Ist es im Interesse von Wirtschaft bzw. Unternehmen, Klimaziele einzuhalten?
Die Wirtschaft ist gut beraten, Klimaziele ernst zu nehmen, sonst können Geschäftsmodelle hinfällig werden. Ich nenne hier die deutsche Automobilindustrie. Sie hat die Dekarbonisierung lange nicht allzu ernst genommen, sie beinahe verschlafen. Zwar hat sie dazugelernt, aber spät. Die Politik hat der Sparte durch zögerliche klimapolitische Signale einen Bärendienst erwiesen.

Stichwort Dekarbonisierung, also Umstellung einer Wirtschaftsweise in Richtung weniger Kohlenstoff: Werden einzelne Geschäftsfelder wegbrechen?
Ja, das werden sie. Aber neue werden dazukommen.

Ist Kreislaufwirtschaft eine Vision?
Ein wichtiges Ziel. Die Wegwerfgesellschaft ist überholt. Wir leben auf einem endlichen Planeten.

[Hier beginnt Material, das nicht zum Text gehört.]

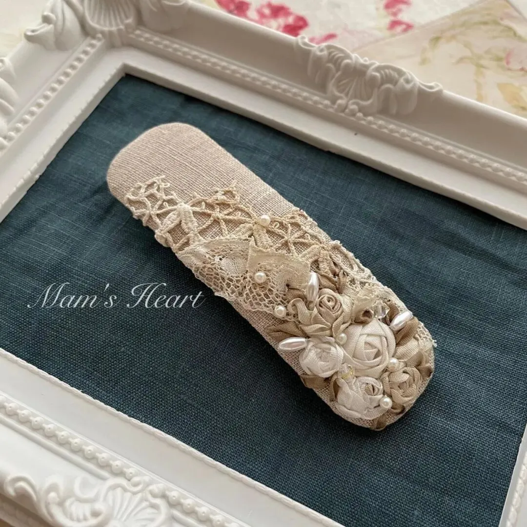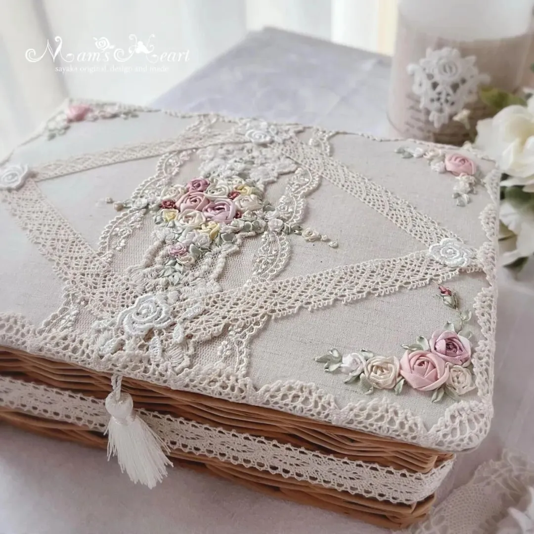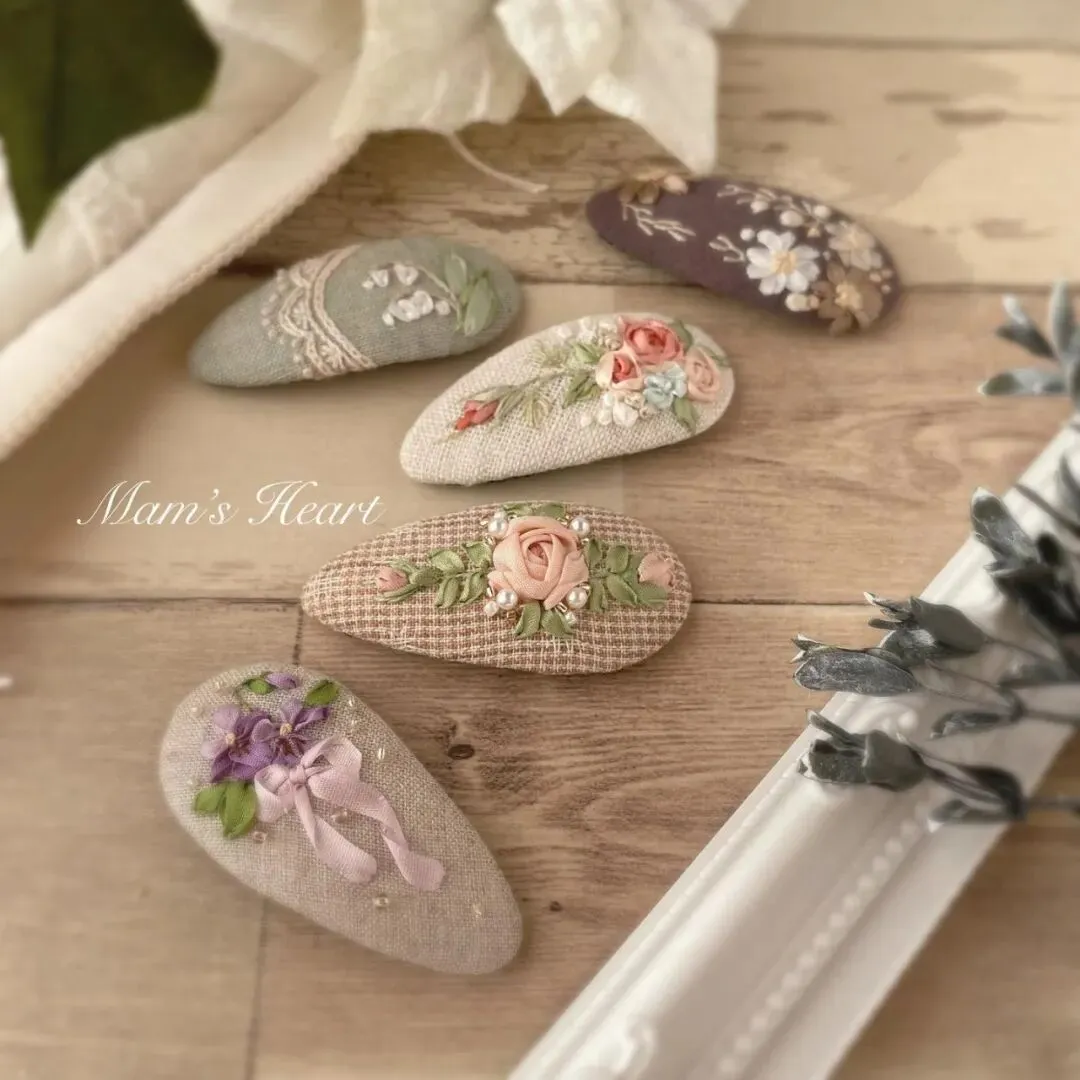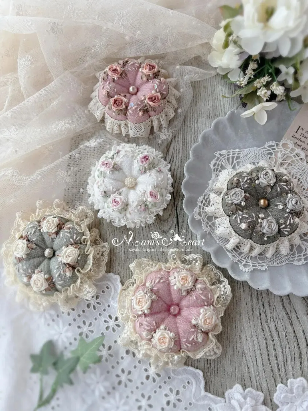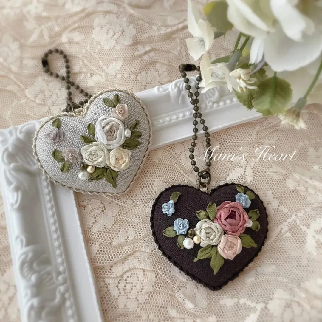丝带绣折出鲜活花型,亚麻布拼碎花叠层蕾丝,复古昭和甜妹感拉满;珍珠、蝴蝶结巧思点缀,口金包、针插、小发饰件件精致,手工的温度全在细节里。

Welcher Konsument steigt auf ein E-Auto um, wenn der Benziner billiger ist? Wer tauscht die Ölheizung gegen eine Wärmepumpe aus, wenn das Geld fehlt?
Das ist eine Frage der Erwartungshaltung, konkret unserer Preiserwartung für fossile Energie. Hier sind langfristige Ansagen der Politik gefragt, starke politische Signale.

Woran forschen Sie gerade?
In der EU wird aktuell ein CO₂-Grenzausgleich diskutiert. Dabei geht es um eine Bepreisung der CO₂-Gehalte von Importen aus Ländern mit weniger starker Klimapolitik. Das soll eine Abwanderung von CO₂-intensiven Industriezweigen in diese Staaten verhindern. Aktuell beschäftigte ich mich mit der Ausgestaltung eines solchen Mechanismus.